Dataset items
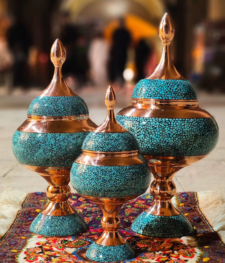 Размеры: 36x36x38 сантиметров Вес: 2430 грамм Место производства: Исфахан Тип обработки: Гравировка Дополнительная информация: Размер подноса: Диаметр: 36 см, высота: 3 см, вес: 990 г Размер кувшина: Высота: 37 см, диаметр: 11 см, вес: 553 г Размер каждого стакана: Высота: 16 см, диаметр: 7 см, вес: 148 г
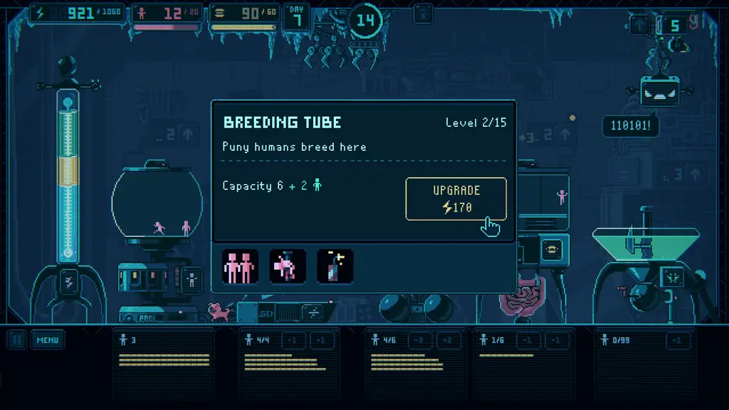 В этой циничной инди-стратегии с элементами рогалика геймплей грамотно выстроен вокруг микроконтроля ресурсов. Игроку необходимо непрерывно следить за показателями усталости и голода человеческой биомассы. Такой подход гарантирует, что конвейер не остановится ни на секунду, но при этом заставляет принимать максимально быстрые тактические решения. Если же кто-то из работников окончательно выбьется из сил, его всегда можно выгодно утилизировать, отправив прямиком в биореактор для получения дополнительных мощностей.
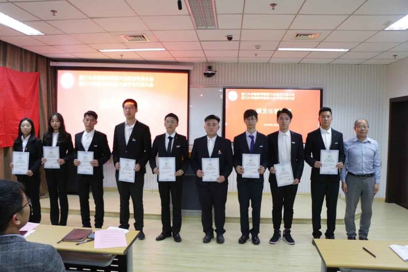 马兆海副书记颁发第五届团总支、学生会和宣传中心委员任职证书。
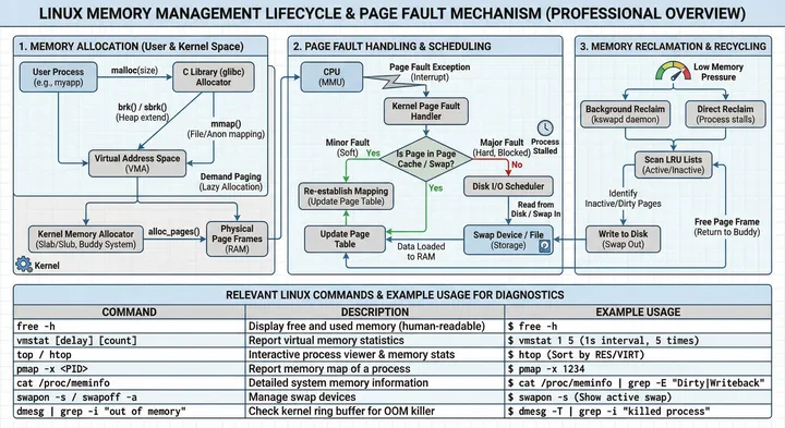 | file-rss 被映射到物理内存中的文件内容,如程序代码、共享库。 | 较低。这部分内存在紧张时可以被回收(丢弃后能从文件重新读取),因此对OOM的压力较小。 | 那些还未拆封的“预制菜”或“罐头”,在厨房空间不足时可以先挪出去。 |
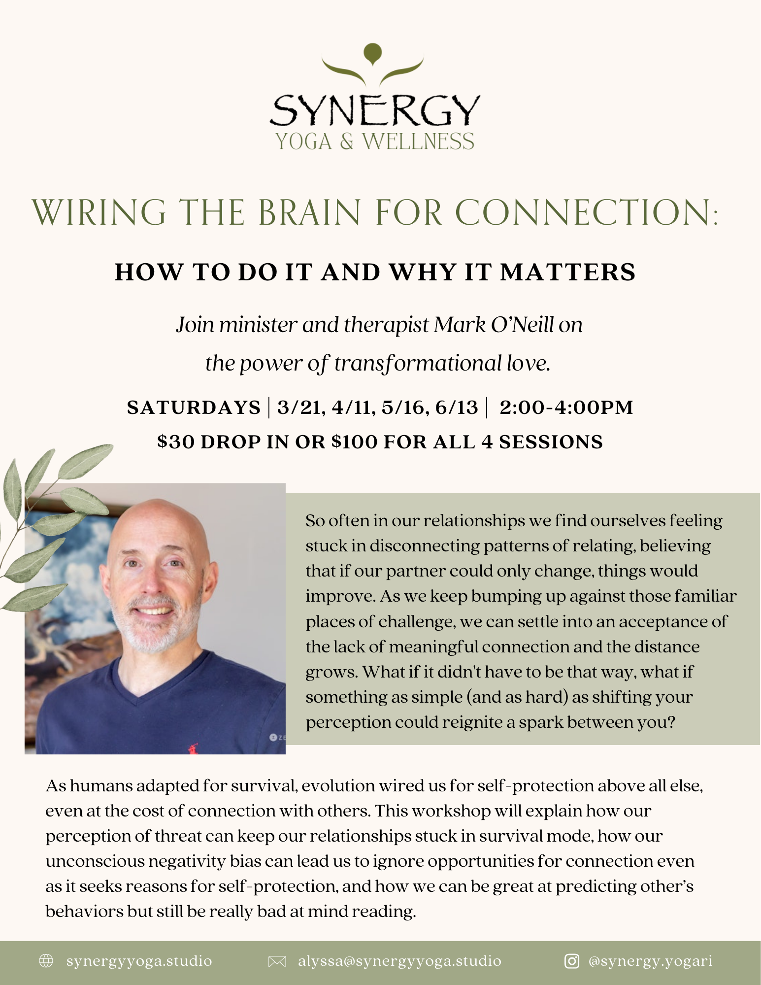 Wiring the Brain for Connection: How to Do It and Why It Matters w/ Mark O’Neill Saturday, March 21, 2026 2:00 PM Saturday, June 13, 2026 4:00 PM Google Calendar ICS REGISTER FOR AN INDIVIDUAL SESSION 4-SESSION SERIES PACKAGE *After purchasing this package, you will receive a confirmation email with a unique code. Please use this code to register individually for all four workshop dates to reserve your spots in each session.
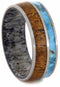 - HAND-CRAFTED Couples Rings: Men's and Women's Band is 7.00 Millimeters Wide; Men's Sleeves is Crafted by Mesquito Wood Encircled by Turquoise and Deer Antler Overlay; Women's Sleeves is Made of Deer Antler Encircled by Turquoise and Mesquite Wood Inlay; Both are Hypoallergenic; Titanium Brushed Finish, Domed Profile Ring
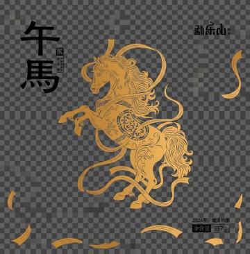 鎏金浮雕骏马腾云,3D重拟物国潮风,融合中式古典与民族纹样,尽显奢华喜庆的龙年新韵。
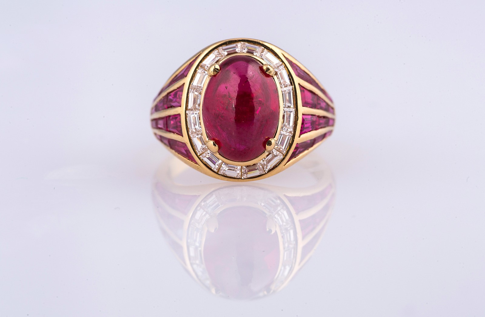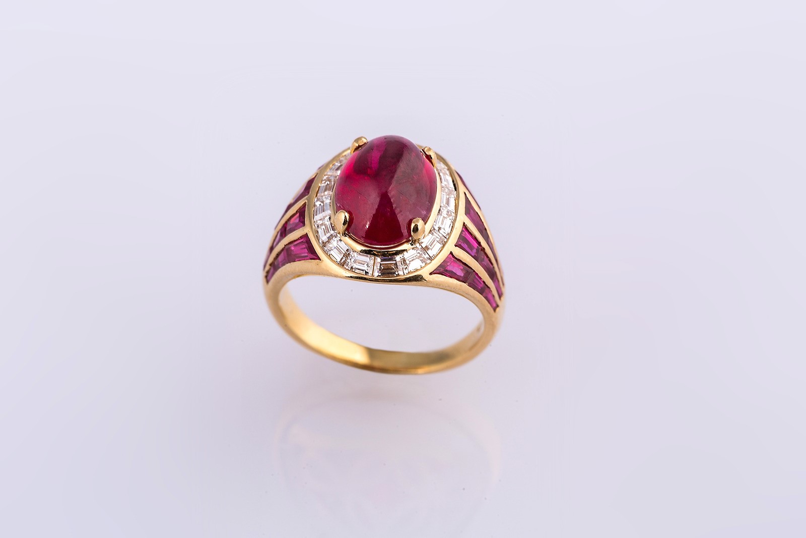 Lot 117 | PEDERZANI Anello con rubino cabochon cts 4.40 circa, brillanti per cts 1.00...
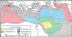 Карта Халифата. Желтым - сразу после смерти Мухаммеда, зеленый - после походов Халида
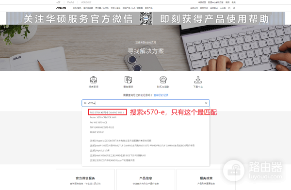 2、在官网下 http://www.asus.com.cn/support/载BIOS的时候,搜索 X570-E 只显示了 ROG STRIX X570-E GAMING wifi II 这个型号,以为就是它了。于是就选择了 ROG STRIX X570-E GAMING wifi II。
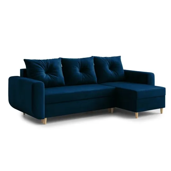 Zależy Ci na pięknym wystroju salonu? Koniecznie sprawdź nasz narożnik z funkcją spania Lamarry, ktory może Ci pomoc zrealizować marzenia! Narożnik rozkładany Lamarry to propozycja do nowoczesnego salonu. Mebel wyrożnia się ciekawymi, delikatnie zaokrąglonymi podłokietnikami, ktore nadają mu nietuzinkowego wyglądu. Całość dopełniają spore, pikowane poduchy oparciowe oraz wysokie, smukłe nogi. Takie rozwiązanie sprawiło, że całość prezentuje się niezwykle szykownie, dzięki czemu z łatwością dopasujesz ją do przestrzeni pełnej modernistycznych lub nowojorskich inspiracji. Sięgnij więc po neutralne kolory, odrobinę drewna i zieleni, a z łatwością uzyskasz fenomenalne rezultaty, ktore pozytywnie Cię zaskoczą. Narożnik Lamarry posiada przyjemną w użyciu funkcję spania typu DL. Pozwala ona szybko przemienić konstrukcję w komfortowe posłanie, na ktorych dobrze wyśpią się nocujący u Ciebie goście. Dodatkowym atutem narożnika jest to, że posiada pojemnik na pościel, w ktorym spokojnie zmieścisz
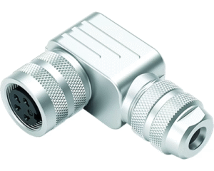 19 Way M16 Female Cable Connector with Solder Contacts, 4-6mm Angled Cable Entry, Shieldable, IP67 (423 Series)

§ Your task: Beginning at the line that contains "Карта Халифата. Желтым", transcribe it and every later line through the last line of the data above, exactly, and drop the pictures.

§ The completed task:
 Карта Халифата. Желтым - сразу после смерти Мухаммеда, зеленый - после походов Халида
 2、在官网下 http://www.asus.com.cn/support/载BIOS的时候,搜索 X570-E 只显示了 ROG STRIX X570-E GAMING wifi II 这个型号,以为就是它了。于是就选择了 ROG STRIX X570-E GAMING wifi II。
 Zależy Ci na pięknym wystroju salonu? Koniecznie sprawdź nasz narożnik z funkcją spania Lamarry, ktory może Ci pomoc zrealizować marzenia! Narożnik rozkładany Lamarry to propozycja do nowoczesnego salonu. Mebel wyrożnia się ciekawymi, delikatnie zaokrąglonymi podłokietnikami, ktore nadają mu nietuzinkowego wyglądu. Całość dopełniają spore, pikowane poduchy oparciowe oraz wysokie, smukłe nogi. Takie rozwiązanie sprawiło, że całość prezentuje się niezwykle szykownie, dzięki czemu z łatwością dopasujesz ją do przestrzeni pełnej modernistycznych lub nowojorskich inspiracji. Sięgnij więc po neutralne kolory, odrobinę drewna i zieleni, a z łatwością uzyskasz fenomenalne rezultaty, ktore pozytywnie Cię zaskoczą. Narożnik Lamarry posiada przyjemną w użyciu funkcję spania typu DL. Pozwala ona szybko przemienić konstrukcję w komfortowe posłanie, na ktorych dobrze wyśpią się nocujący u Ciebie goście. Dodatkowym atutem narożnika jest to, że posiada pojemnik na pościel, w ktorym spokojnie zmieścisz
 19 Way M16 Female Cable Connector with Solder Contacts, 4-6mm Angled Cable Entry, Shieldable, IP67 (423 Series)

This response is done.